_What the exercise asks_
Write out the listing verbatim. No pictures belong in it.

_Recorded data_
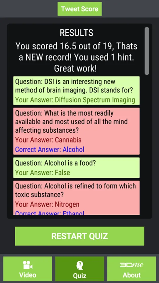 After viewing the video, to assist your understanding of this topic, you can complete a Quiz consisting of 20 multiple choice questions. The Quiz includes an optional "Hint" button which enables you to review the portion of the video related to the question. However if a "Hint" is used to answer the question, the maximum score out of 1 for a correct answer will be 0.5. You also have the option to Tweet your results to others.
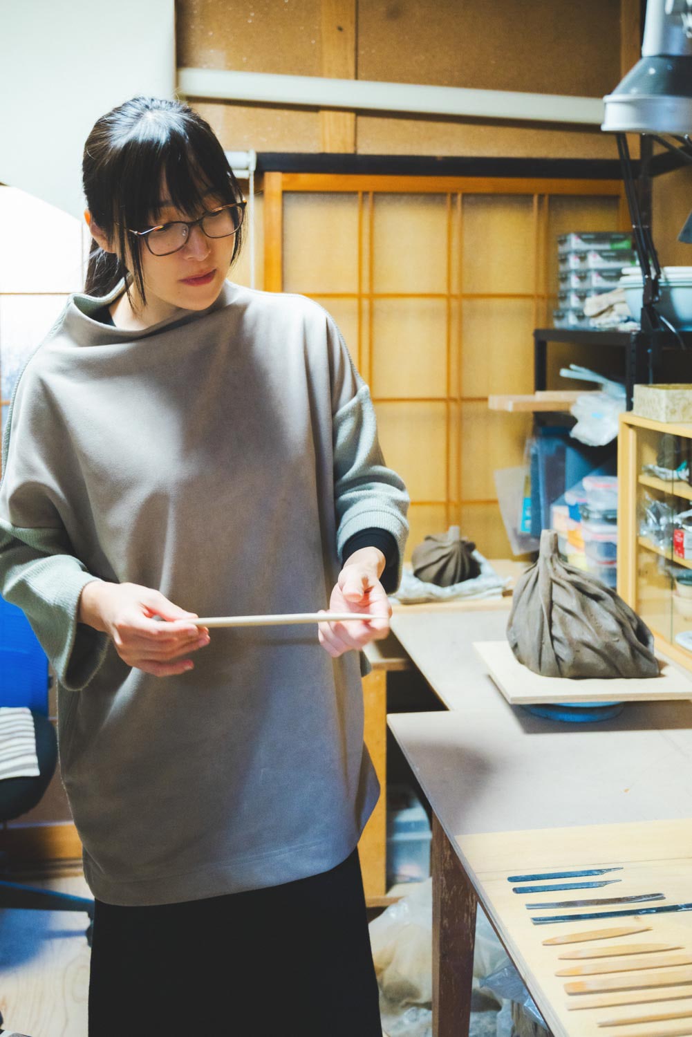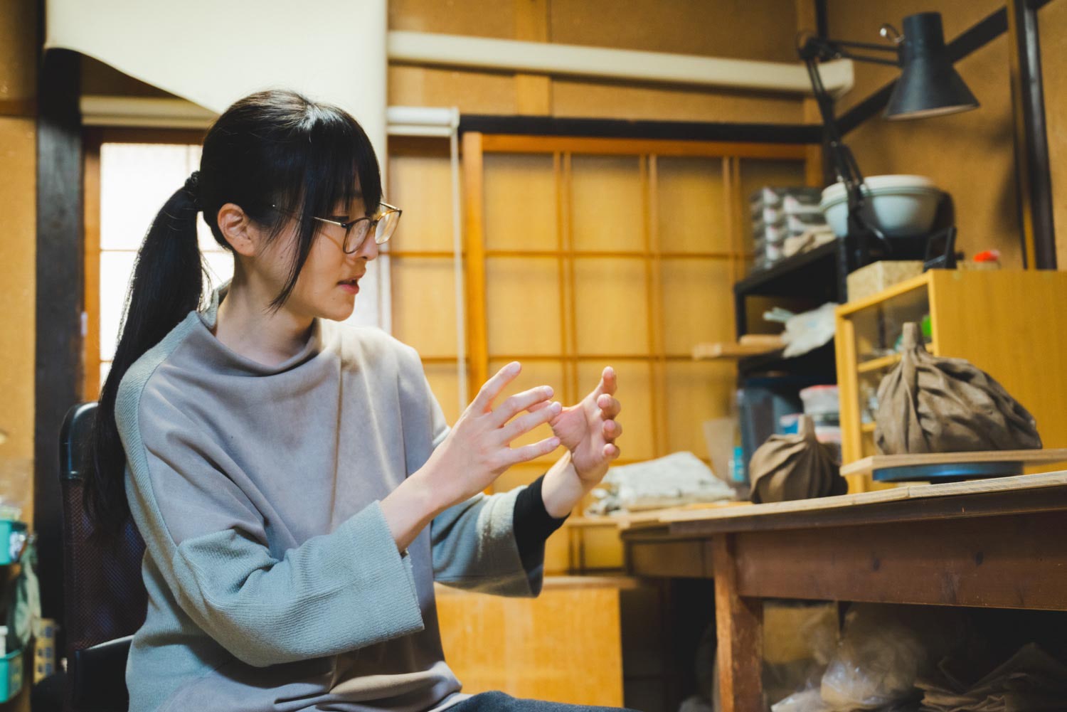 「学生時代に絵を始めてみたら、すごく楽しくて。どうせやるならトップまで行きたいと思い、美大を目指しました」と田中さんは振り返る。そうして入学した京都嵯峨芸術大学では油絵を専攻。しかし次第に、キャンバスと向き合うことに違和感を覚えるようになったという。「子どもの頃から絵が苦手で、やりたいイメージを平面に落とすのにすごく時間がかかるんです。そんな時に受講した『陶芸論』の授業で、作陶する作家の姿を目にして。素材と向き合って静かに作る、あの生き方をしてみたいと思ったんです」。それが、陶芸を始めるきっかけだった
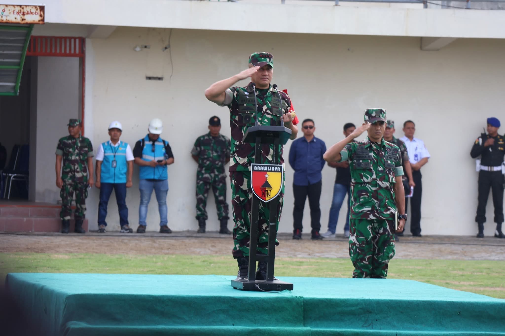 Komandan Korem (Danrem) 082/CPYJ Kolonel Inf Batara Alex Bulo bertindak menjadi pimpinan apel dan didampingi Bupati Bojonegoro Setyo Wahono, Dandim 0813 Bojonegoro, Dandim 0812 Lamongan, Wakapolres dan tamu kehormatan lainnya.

_Exercise answer_
 After viewing the video, to assist your understanding of this topic, you can complete a Quiz consisting of 20 multiple choice questions. The Quiz includes an optional "Hint" button which enables you to review the portion of the video related to the question. However if a "Hint" is used to answer the question, the maximum score out of 1 for a correct answer will be 0.5. You also have the option to Tweet your results to others.
 「学生時代に絵を始めてみたら、すごく楽しくて。どうせやるならトップまで行きたいと思い、美大を目指しました」と田中さんは振り返る。そうして入学した京都嵯峨芸術大学では油絵を専攻。しかし次第に、キャンバスと向き合うことに違和感を覚えるようになったという。「子どもの頃から絵が苦手で、やりたいイメージを平面に落とすのにすごく時間がかかるんです。そんな時に受講した『陶芸論』の授業で、作陶する作家の姿を目にして。素材と向き合って静かに作る、あの生き方をしてみたいと思ったんです」。それが、陶芸を始めるきっかけだった
 Komandan Korem (Danrem) 082/CPYJ Kolonel Inf Batara Alex Bulo bertindak menjadi pimpinan apel dan didampingi Bupati Bojonegoro Setyo Wahono, Dandim 0813 Bojonegoro, Dandim 0812 Lamongan, Wakapolres dan tamu kehormatan lainnya.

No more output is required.